(Entries supplied)
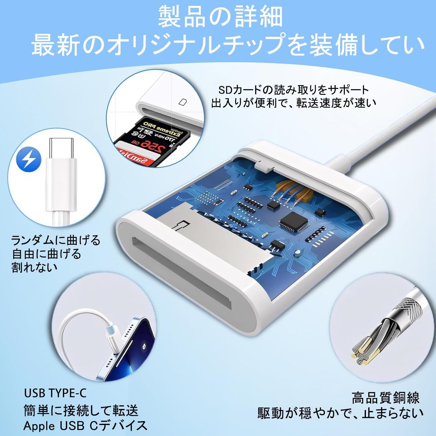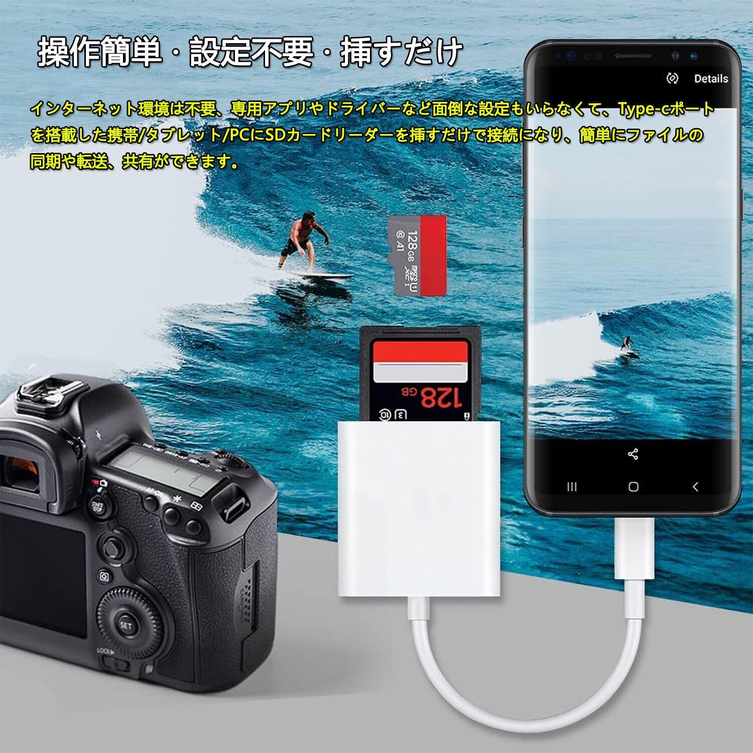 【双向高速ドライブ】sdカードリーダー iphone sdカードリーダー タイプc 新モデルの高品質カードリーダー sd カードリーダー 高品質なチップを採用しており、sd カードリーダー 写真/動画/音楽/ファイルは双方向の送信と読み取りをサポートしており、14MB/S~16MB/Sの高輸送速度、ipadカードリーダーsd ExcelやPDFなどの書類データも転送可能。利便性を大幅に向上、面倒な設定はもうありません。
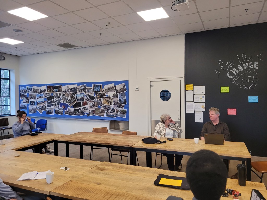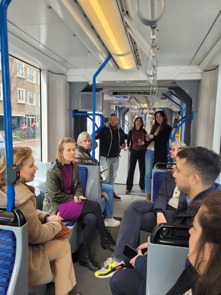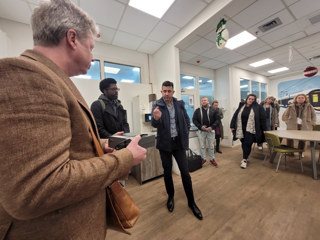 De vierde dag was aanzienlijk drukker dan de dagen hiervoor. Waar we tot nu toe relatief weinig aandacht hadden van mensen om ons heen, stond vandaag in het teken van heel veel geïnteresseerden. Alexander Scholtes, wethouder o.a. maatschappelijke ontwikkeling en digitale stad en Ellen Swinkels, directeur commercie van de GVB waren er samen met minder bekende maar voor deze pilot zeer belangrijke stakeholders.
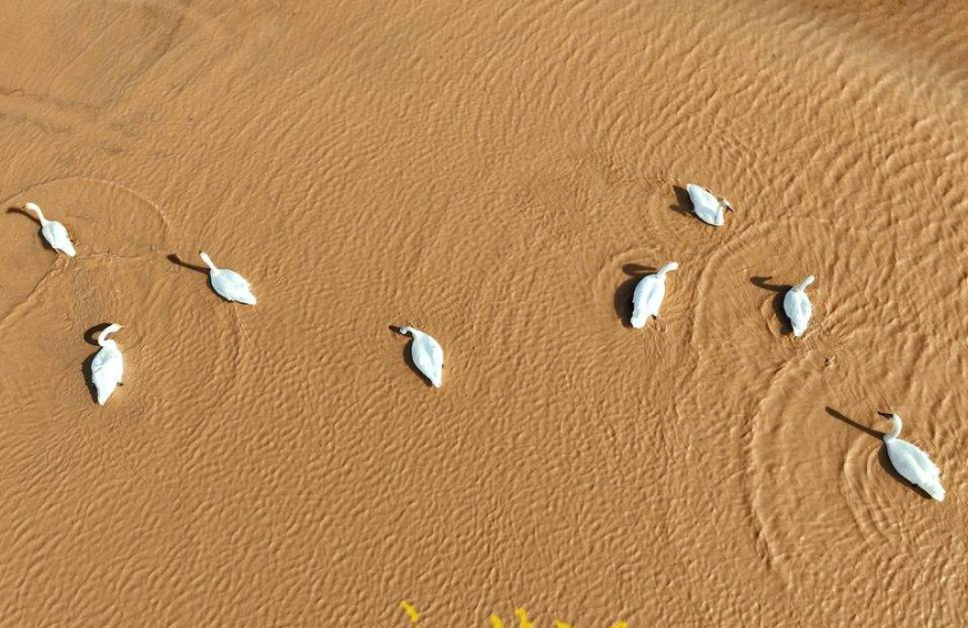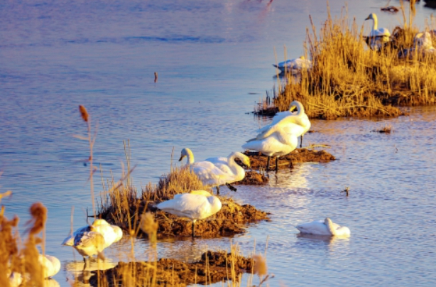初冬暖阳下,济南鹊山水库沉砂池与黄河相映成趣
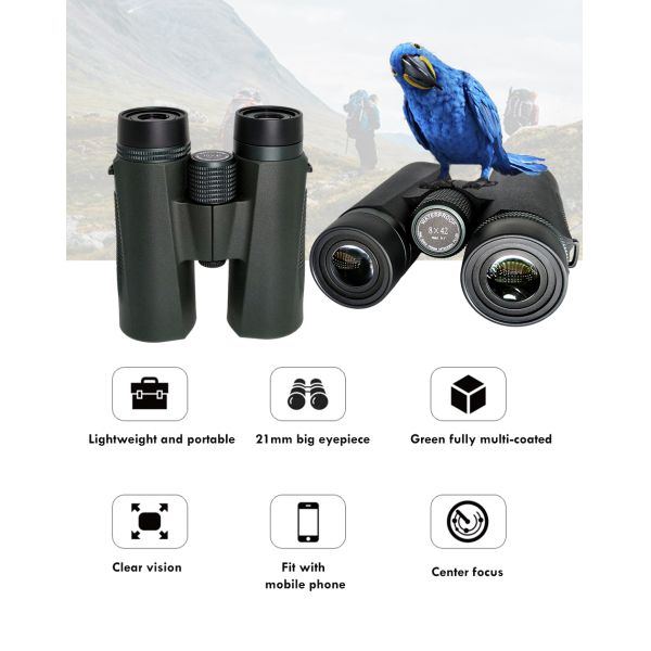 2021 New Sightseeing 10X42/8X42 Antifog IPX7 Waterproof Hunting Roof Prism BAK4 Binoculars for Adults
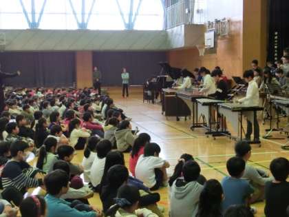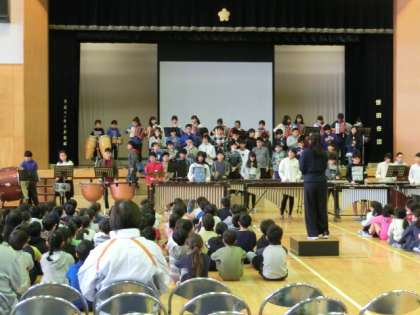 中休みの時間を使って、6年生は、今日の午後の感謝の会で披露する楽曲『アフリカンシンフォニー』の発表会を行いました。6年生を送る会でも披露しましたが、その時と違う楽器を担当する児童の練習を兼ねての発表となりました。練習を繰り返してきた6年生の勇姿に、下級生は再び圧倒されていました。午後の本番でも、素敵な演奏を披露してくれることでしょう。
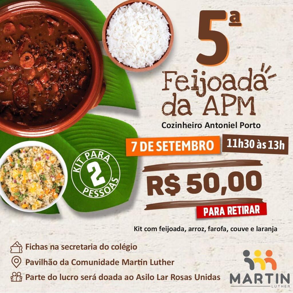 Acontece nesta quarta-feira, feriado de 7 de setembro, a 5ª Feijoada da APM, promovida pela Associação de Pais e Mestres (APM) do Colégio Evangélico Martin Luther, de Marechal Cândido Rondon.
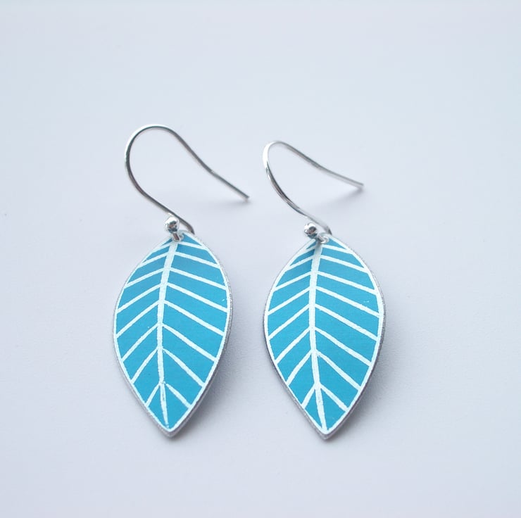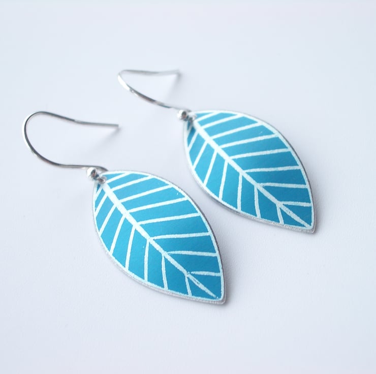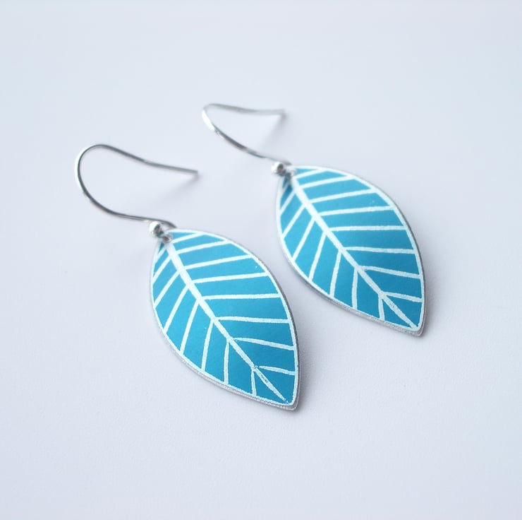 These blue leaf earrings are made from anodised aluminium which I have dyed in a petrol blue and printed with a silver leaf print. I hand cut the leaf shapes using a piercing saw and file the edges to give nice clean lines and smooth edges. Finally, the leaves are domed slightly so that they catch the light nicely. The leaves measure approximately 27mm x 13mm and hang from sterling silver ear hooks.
(End Entries supplied)
Problem to work on
Please retype every record above exactly, leaving out the pictures.

Answer to this exercise
 【双向高速ドライブ】sdカードリーダー iphone sdカードリーダー タイプc 新モデルの高品質カードリーダー sd カードリーダー 高品質なチップを採用しており、sd カードリーダー 写真/動画/音楽/ファイルは双方向の送信と読み取りをサポートしており、14MB/S~16MB/Sの高輸送速度、ipadカードリーダーsd ExcelやPDFなどの書類データも転送可能。利便性を大幅に向上、面倒な設定はもうありません。
 De vierde dag was aanzienlijk drukker dan de dagen hiervoor. Waar we tot nu toe relatief weinig aandacht hadden van mensen om ons heen, stond vandaag in het teken van heel veel geïnteresseerden. Alexander Scholtes, wethouder o.a. maatschappelijke ontwikkeling en digitale stad en Ellen Swinkels, directeur commercie van de GVB waren er samen met minder bekende maar voor deze pilot zeer belangrijke stakeholders.
初冬暖阳下,济南鹊山水库沉砂池与黄河相映成趣
 2021 New Sightseeing 10X42/8X42 Antifog IPX7 Waterproof Hunting Roof Prism BAK4 Binoculars for Adults
 中休みの時間を使って、6年生は、今日の午後の感謝の会で披露する楽曲『アフリカンシンフォニー』の発表会を行いました。6年生を送る会でも披露しましたが、その時と違う楽器を担当する児童の練習を兼ねての発表となりました。練習を繰り返してきた6年生の勇姿に、下級生は再び圧倒されていました。午後の本番でも、素敵な演奏を披露してくれることでしょう。
 Acontece nesta quarta-feira, feriado de 7 de setembro, a 5ª Feijoada da APM, promovida pela Associação de Pais e Mestres (APM) do Colégio Evangélico Martin Luther, de Marechal Cândido Rondon.
 These blue leaf earrings are made from anodised aluminium which I have dyed in a petrol blue and printed with a silver leaf print. I hand cut the leaf shapes using a piercing saw and file the edges to give nice clean lines and smooth edges. Finally, the leaves are domed slightly so that they catch the light nicely. The leaves measure approximately 27mm x 13mm and hang from sterling silver ear hooks.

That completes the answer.